Tatjana (Tina) Nikitine, russische Kommilitonin von Oskar Hug an der med. Fakultät in Lausanne und Reisebegleiterin in den Kaukasus.

Erstbegehungen Oskar und Casimir wandten sich wieder ihren Bergen zu. Wie Carl Egger in «Die Eroberung des Kaukasus», 1932, schrieb, begann dort die bergsteigerische Erforschung bereits 1868 u.a. durch Douglas W. Freshfield, dem späteren Präsidenten der Royal Geographical Society. Diese Glanzzeit endete ausgangs der 80er-Jahre, doch für Hug und de Rham warteten immer noch unerschlossene Routen. Egger nennt folgende Erstbegehungen: Dolra Tau, 3849 m, Nakra Tau, 4277 m, Maseri-Tau Ostgipfel, um 3900 m, Schcheldü NW-Gipfel, 4229 m, Tscharinda-Murkwebi, um 3300 m. Weiter kam es zur lange geplanten und erstmaligen Überschreitung des Elbrus, Ostgipfel mit 5533 m, und gleichentags Westgipfel mit 5623 m Höhe.

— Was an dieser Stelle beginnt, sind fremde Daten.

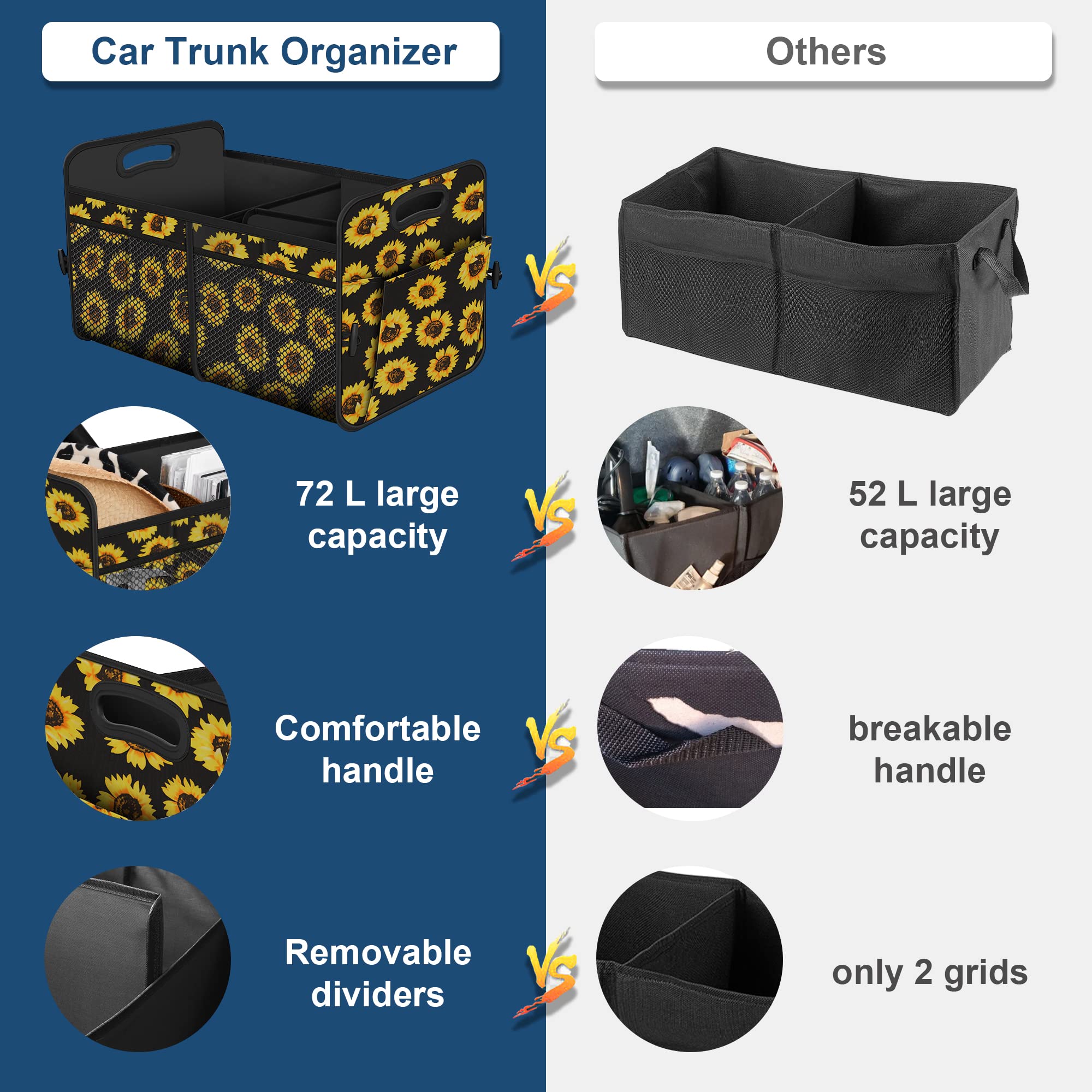 【Large Capacity Trunk Organizer】:Upgrade the car trunk organzier capacity. Most of the car organizers in the market have a capacity of 50L-60L, but our trunk organizer has a capacity of 72L, which is 10L-20L more than similar trunk oganizers.
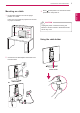 ASSEMBLING AND PREPARING Mounting on a wall Model 27MP35HQ VESA (A x B) Standard screw Number of screws 100 x 100 M4 4 CAUTION 10 cm 10 cm 10 cm 10 cm If you intend to mount the Monitor set to a wall, attach Wall mounting interface (optional parts) to the back of the set. When you install the Monitor set using a wall mounting interface (optional parts), attach it carefully so it will not drop. 1 Please, Use the screw and wall mount interface in accordance with VESA Standards.
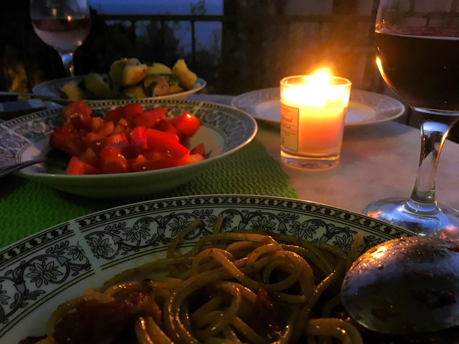 By the end of the day it turned nice again with the sun shaping up for another magnificent sunset. Whilst I was slaving in the kitchen Julie relaxed on the balcony. Despite being a tiny little kitchen it had a hob and two saucepans which was enough for me to make myself a tomato sauce from a bag of ripe tomatoes.
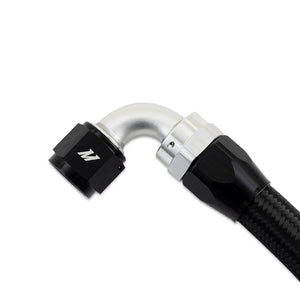 Extremely durable and flexible, this Mishimoto Braided Hose is an ideal addition to your vehicle. Whether you’re installing a turbocharger oil drain hose or adding an oil cooling system, these nylon-wrapped stainless-steel braided fluid hoses are available in multiple lengths to suit any application. In addition, each line includes pre-installed B-nut style 90-degree and straight -10AN fittings for leak-free operation. These Mishimoto -10AN lines feature a CPE rubber inner layer which provides a durable passageway for most fuels, oils, and engine coolants, while a woven stainless-steel inner jacket increases the pressure tolerance and durability. The nylon outer braid will not abrade soft materials such as plastic or aluminum in confined spaces. In addition, the black outer braid provides a very subtle, factory-like appearance. Our braided -10AN lines feature an operating temperature range from -10 degrees to 302 degrees and pressure rating of up to 1,000 PSI, making them applicable for most fluids or air passage systems on your vehicle. As with all our products, this Mishimoto Stainless-Steel Braided Line is covered by our Lifetime Warranty.

Ihnen blieb vor allem die ausgedehnte Fernsicht in Erinnerung, die sogar bis zum 500 km entfernten Ararat in Armenien und dem Kleingebirge Georgiens gereicht haben soll. Das nächste Hauptziel war der Uschba, das «Matterhorn des Kaukasus», der von ungemütlichen Biwaks aus angegangen wurde.